**DATA SUPPLIED:**
Start of Block

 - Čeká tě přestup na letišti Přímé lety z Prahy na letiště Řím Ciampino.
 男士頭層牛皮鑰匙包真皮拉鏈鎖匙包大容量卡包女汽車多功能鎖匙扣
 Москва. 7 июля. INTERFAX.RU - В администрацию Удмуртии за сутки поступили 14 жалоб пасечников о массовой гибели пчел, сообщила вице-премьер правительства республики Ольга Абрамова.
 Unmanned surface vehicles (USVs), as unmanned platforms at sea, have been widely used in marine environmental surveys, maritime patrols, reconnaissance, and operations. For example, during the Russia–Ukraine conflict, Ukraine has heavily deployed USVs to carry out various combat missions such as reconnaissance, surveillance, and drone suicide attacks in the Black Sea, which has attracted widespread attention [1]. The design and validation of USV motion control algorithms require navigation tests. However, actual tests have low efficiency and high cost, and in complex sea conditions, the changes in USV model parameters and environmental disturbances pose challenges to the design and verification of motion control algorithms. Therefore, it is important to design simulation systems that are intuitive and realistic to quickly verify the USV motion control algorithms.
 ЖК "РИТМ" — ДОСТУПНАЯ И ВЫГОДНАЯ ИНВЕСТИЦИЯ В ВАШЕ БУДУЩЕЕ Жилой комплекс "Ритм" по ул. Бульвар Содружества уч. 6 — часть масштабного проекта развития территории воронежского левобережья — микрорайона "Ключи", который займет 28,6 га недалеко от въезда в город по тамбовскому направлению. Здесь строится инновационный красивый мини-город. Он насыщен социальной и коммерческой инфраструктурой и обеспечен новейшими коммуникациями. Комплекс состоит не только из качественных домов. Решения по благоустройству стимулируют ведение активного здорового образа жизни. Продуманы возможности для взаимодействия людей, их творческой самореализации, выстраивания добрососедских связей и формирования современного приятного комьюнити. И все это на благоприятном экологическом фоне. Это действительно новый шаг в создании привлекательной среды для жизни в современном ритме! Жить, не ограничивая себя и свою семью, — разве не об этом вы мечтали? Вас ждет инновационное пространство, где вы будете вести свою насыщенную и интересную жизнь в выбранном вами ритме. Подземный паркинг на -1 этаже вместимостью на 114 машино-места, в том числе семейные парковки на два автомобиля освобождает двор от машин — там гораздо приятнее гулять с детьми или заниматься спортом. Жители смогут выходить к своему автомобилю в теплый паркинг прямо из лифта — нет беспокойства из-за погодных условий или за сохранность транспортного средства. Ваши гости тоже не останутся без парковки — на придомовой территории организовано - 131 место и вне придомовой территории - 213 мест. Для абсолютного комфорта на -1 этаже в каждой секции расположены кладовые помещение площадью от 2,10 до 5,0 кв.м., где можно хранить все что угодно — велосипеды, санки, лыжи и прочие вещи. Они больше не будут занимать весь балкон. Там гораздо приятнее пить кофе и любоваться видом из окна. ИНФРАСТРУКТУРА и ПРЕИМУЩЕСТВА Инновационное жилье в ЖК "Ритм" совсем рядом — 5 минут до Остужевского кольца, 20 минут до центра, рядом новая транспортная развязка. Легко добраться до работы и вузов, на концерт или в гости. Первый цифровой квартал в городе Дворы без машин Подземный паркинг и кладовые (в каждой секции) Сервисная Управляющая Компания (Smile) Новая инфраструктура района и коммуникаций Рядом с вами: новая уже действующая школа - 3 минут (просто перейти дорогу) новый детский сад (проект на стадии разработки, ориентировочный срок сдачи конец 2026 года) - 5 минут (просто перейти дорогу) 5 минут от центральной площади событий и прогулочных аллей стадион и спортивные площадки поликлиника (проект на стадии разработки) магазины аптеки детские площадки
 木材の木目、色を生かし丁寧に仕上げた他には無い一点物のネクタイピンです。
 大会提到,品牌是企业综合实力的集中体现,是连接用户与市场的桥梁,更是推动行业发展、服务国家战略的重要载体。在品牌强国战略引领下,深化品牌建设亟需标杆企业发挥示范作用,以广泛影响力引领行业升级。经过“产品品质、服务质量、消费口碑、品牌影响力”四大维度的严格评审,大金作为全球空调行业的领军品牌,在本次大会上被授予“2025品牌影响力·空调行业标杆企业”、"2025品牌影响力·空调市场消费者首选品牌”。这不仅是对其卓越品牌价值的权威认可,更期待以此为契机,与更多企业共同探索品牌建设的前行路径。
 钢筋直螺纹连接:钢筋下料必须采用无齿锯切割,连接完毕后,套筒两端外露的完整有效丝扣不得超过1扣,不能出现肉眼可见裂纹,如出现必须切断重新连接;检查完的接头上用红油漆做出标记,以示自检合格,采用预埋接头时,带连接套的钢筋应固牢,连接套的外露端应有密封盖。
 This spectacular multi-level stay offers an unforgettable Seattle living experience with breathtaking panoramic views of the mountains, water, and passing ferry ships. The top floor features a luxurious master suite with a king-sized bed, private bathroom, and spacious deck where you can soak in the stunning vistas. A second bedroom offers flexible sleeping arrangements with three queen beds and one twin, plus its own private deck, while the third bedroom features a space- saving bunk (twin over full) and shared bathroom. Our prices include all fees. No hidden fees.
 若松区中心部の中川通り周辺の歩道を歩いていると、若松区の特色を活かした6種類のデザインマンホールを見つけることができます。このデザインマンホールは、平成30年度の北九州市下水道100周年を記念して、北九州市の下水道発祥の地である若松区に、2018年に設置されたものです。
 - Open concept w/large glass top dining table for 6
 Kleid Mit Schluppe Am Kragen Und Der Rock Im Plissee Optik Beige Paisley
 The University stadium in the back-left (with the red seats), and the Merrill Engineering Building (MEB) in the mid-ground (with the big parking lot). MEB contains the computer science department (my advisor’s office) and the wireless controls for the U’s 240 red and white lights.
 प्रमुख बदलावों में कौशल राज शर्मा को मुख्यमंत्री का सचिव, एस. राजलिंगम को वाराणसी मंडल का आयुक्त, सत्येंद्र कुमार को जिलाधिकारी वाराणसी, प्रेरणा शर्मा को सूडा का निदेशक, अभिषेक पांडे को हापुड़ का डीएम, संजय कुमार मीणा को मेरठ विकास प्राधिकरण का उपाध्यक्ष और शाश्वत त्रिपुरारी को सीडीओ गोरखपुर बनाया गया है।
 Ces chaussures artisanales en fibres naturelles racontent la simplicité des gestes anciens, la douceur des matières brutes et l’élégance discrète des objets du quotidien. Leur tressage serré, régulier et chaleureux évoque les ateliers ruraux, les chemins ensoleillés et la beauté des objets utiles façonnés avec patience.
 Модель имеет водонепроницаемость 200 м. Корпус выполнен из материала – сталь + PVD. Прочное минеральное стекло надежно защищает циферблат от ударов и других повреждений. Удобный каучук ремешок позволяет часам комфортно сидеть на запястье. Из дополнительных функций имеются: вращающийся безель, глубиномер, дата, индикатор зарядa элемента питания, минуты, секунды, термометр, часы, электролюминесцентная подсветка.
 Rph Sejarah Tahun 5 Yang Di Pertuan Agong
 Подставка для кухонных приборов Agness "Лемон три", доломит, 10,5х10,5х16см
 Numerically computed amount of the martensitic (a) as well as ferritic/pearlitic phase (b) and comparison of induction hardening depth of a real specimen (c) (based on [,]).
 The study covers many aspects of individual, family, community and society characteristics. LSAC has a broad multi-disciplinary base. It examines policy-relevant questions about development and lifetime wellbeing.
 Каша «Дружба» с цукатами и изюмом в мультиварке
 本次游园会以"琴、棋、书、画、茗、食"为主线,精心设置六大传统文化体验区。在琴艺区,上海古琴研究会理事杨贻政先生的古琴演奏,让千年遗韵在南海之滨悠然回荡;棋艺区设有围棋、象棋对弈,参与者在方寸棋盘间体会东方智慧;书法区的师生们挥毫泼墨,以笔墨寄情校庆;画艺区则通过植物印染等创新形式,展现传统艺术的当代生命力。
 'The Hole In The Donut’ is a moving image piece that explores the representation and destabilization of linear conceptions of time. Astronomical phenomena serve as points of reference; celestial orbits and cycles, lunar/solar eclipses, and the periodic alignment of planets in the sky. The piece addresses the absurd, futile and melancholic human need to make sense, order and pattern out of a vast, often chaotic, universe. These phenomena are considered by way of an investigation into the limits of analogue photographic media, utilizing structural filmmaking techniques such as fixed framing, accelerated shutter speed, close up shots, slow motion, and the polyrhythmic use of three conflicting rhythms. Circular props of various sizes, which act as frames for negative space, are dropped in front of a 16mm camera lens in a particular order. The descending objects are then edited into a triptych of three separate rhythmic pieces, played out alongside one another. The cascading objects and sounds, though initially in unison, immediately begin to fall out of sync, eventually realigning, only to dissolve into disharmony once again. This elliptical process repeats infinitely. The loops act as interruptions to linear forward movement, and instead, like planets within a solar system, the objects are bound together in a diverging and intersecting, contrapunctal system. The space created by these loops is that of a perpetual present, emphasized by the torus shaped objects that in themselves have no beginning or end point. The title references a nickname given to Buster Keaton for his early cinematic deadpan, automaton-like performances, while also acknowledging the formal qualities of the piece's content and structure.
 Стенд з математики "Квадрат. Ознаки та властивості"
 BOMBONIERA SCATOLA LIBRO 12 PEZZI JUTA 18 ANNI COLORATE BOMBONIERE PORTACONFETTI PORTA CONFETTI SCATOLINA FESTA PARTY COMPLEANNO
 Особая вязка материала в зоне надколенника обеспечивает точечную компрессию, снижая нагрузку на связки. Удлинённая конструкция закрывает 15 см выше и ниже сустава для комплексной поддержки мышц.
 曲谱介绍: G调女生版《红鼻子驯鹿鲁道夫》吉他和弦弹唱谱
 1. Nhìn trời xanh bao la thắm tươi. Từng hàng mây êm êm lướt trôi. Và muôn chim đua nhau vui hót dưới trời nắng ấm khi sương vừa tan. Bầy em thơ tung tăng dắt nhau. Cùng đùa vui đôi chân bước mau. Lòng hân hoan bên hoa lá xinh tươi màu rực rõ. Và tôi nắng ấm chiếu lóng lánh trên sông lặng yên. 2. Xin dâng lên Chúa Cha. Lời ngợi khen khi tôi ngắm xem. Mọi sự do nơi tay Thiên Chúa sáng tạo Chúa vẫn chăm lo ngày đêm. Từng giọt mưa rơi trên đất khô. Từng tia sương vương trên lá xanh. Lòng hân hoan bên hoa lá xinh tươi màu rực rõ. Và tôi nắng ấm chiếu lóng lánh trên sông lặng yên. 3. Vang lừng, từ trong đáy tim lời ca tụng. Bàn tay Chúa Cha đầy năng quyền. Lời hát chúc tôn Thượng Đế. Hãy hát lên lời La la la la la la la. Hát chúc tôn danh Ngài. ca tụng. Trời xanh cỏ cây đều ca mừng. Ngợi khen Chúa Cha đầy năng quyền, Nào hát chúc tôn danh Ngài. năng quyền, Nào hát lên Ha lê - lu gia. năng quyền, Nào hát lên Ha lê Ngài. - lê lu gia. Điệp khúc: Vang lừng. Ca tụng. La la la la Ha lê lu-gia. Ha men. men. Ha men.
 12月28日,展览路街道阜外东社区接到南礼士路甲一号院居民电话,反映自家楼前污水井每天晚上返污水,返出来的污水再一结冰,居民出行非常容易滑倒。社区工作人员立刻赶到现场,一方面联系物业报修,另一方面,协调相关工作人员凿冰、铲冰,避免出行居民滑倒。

End of Block

**DIRECTIONS FOR THIS TASK:** Needed here are the exact lines from the start of the material through the line that contains "Москва. 7 июля.", and no others.

**SOLUTION:**
 - Čeká tě přestup na letišti Přímé lety z Prahy na letiště Řím Ciampino.
 男士頭層牛皮鑰匙包真皮拉鏈鎖匙包大容量卡包女汽車多功能鎖匙扣
 Москва. 7 июля. INTERFAX.RU - В администрацию Удмуртии за сутки поступили 14 жалоб пасечников о массовой гибели пчел, сообщила вице-премьер правительства республики Ольга Абрамова.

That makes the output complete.